-- Opening Marker --

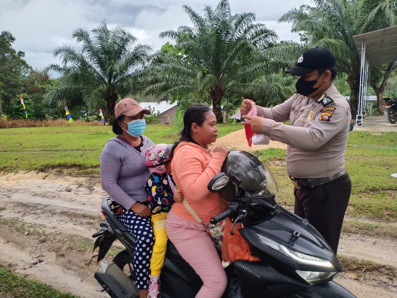 “Tetap kita terapkan Protokol Kesehatan 5 M guna mencegah penularan Covid19”, ucap Bripka Albertus Rio.
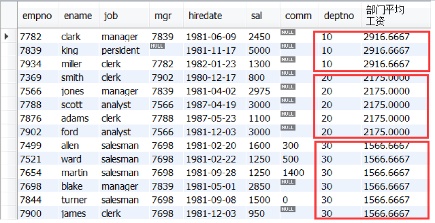 select *,avg(sal) over(partition by deptno) 部门平均工资 from emp;
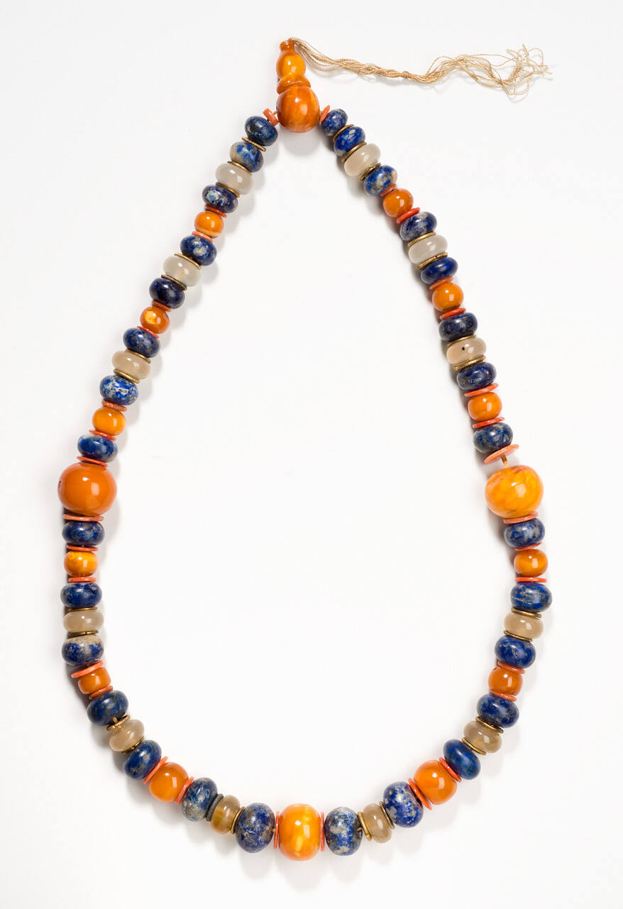 DescriptionRound beads slightly flattened, of light and dark amber and lapis. Four larger yellow beads. Tassel missing.

-- Closing Marker --

§ **WHAT THE TASK REQUIRES**:
Restate all of the material above word for word. Pictures do not belong in it.

§ **WRITTEN RESPONSE**:
 “Tetap kita terapkan Protokol Kesehatan 5 M guna mencegah penularan Covid19”, ucap Bripka Albertus Rio.
 select *,avg(sal) over(partition by deptno) 部门平均工资 from emp;
 DescriptionRound beads slightly flattened, of light and dark amber and lapis. Four larger yellow beads. Tassel missing.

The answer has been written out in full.